The scandal involving News Corp. rocked both the U.K. and U.S. news media and political scenes. Commonly referred to as “Hackgate,” allegations against News Corp. range from hacking into private voicemails of victims of murder and terrorist attacks to bribing high level officials from police and government agencies. What has also become apparent is that News Corp. is anticipating an even further fall out from this scandal. Reports are in that News Corp. has hired some very expensive attorneys with expertise in Foreign Corrupt Practices Act (FCPA) investigations and litigation.

Although some may argue that the FCPA’s anti-bribery provisions only forbids an American corporation from making payments to a foreign official in order to help the company obtain or retain government contracts, nothing in the FCPA actually limits the statute’s reach in such a way. And although it is true that the statute is not a general foreign bribery statute, the statute is aimed at the problem of American companies buying business overseas.

So why is News Corp. so worried about an FCPA violation? News Corp. was allegedly bribing the police with the motivation that its tabloid magazine would have an inside scoop on lucrative newstories in order to sell more papers. Thus it seems, News Corp.’s conduct satisfies the literal requirements of the FCPA.

The FCPA is generally divided into two broad categories of offenses, the anti-bribery provisions and the accounting provisions. Although News Corp.’s conduct seems to implicate both provisions of the FCPA, this post will only discuss the anti-bribery provisions.

First, News Corp. is a person subject to U.S. jurisdiction because it is an entity traded and listed in the U.S. Under the FCPA domestic concerns and U.S. parent corporations may be held liable for the acts of foreign subsidiaries where they authorized, directed, or controlled the activity in questions.
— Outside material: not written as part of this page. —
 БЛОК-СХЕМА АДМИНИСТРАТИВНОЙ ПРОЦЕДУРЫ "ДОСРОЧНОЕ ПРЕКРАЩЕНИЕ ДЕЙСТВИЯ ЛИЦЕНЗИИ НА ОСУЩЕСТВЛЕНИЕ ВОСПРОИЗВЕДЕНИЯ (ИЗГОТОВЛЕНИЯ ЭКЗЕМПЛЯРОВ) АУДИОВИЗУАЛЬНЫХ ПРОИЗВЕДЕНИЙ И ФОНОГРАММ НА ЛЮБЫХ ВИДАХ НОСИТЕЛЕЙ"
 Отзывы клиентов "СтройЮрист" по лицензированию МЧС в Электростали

So it does not really matter that News Corp.’s U.K. subsidiary, New of the World, was the actual entity making the bribes so long as News Corp. authorized, directed, or controlled the activity in question. Determining whether News Corp. authorized, directed, or controlled the activity in question will likely be subject to heavy opposition by News Corp. throughout the course of the investigation.
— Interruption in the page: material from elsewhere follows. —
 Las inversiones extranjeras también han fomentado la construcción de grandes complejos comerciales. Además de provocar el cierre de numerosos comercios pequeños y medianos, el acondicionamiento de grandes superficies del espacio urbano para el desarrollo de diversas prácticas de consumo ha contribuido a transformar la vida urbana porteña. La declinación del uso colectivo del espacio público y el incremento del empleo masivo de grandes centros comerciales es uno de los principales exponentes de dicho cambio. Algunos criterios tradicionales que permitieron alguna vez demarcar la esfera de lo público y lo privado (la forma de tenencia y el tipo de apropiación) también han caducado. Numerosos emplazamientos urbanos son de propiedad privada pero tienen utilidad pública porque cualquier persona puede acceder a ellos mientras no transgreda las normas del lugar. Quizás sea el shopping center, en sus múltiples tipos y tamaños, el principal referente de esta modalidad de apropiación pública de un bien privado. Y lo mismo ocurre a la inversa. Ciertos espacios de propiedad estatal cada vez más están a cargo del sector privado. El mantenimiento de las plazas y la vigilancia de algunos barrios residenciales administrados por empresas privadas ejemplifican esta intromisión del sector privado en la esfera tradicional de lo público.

The payments made must also have a corrupt intent, and the payment must be intended to induce the recipient to misuse his or her official position to direct business wrongfully to the payer or to any other person. The Justice Department have broadly construed the FCPA to prohibit any corrupt payment intended to influence any act or decision of a foreign official. Should the allegations against News Corp. prove true, payments paid to police officials to hack into private voicemails would surely satisfy the corrupt intent because they were paid with the intent to influence the officer to give News Corp. access to potentially lucrative voicemails of newsworthy individuals. It isn’t likely that these payments will be excepted from the FCPA as “facilitating payments for routine governmental action.” Such routine payments tend to be limiting for things such as permits, licensing, phone, mail pick-up etc.

The FCPA also requires payment. Technically, payment includes actually paying but it also includes offering or promising to pay money or anything of value. Should the allegations against News Corp. prove true, satisfying the payment requirement will not challenge the Department of Justice.

It must also be proven that the recipient of a payment be a “foreign official.” The FCPA defines foreign official as any officer or employee of a foreign government, a public international organization, or any agency therof. The allegations against News Corp. involve bribing British police officers for access to private voicemail accounts of newsworthy individuals. Police officials of a foreign government clearly qualify as foreign government officials.

As a person subject to U.S. jurisdiction, News Corp. cannot make corrupt payments to foreign police officers inducing them to hack into the voicemails of newsworthy individuals with the intent of selling more papers without violating the FCPA. Thus it seems that News Corp.’s conduct meets the technical requirements of the FCPA statute. They are lawyering up accordingly.